## [Goal of the exercise]
The expected output is the full set of entries, retyped verbatim, pictures excluded.

──────── Data under study

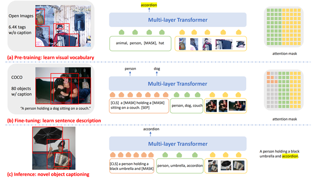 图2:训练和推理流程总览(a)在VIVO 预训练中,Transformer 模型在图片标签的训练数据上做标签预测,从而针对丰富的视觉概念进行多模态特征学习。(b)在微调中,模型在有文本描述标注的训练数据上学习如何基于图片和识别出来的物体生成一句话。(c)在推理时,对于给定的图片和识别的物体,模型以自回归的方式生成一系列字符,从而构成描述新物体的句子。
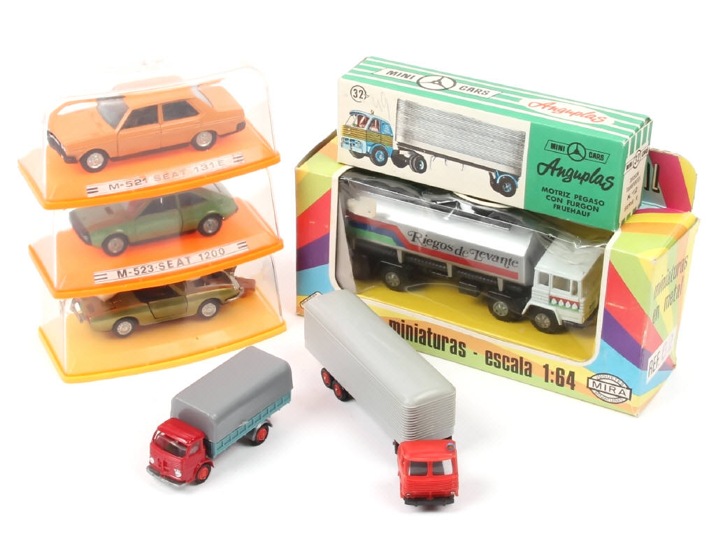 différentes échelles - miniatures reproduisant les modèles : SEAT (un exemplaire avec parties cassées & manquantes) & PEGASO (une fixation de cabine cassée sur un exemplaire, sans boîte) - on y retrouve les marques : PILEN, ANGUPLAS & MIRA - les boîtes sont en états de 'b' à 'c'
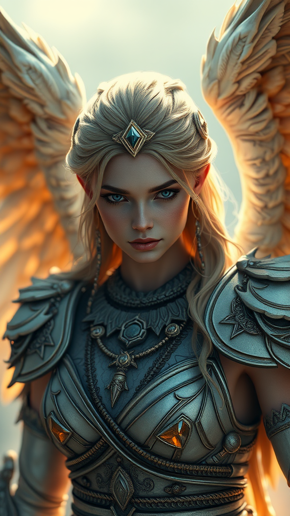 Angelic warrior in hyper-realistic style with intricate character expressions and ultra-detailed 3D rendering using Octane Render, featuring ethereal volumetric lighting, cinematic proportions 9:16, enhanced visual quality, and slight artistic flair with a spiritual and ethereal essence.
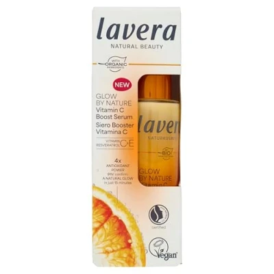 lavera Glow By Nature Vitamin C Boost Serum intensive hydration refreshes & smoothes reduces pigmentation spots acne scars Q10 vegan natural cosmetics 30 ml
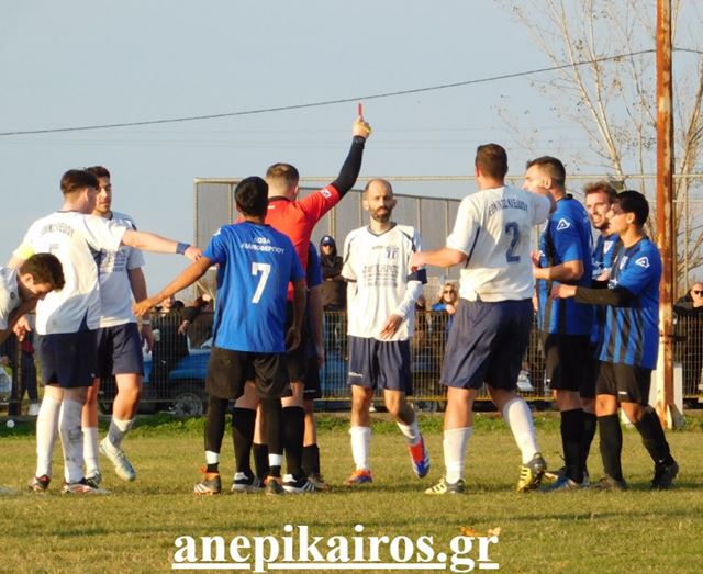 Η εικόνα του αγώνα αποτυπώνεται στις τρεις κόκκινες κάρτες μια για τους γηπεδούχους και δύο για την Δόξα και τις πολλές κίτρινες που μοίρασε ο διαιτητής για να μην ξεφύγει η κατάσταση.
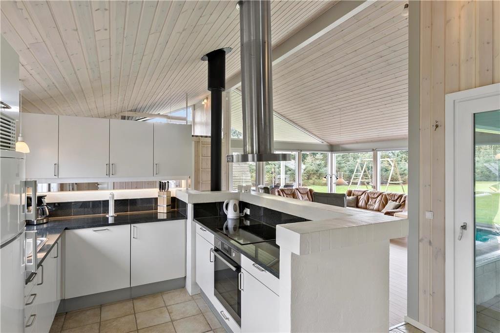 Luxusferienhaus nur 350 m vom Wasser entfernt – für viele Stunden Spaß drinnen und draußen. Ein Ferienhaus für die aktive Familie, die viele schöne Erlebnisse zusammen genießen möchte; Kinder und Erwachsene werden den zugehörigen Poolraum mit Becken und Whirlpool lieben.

────────────────

## [Exercise output]
 图2:训练和推理流程总览(a)在VIVO 预训练中,Transformer 模型在图片标签的训练数据上做标签预测,从而针对丰富的视觉概念进行多模态特征学习。(b)在微调中,模型在有文本描述标注的训练数据上学习如何基于图片和识别出来的物体生成一句话。(c)在推理时,对于给定的图片和识别的物体,模型以自回归的方式生成一系列字符,从而构成描述新物体的句子。
 différentes échelles - miniatures reproduisant les modèles : SEAT (un exemplaire avec parties cassées & manquantes) & PEGASO (une fixation de cabine cassée sur un exemplaire, sans boîte) - on y retrouve les marques : PILEN, ANGUPLAS & MIRA - les boîtes sont en états de 'b' à 'c'
 Angelic warrior in hyper-realistic style with intricate character expressions and ultra-detailed 3D rendering using Octane Render, featuring ethereal volumetric lighting, cinematic proportions 9:16, enhanced visual quality, and slight artistic flair with a spiritual and ethereal essence.
 lavera Glow By Nature Vitamin C Boost Serum intensive hydration refreshes & smoothes reduces pigmentation spots acne scars Q10 vegan natural cosmetics 30 ml
 Η εικόνα του αγώνα αποτυπώνεται στις τρεις κόκκινες κάρτες μια για τους γηπεδούχους και δύο για την Δόξα και τις πολλές κίτρινες που μοίρασε ο διαιτητής για να μην ξεφύγει η κατάσταση.
 Luxusferienhaus nur 350 m vom Wasser entfernt – für viele Stunden Spaß drinnen und draußen. Ein Ferienhaus für die aktive Familie, die viele schöne Erlebnisse zusammen genießen möchte; Kinder und Erwachsene werden den zugehörigen Poolraum mit Becken und Whirlpool lieben.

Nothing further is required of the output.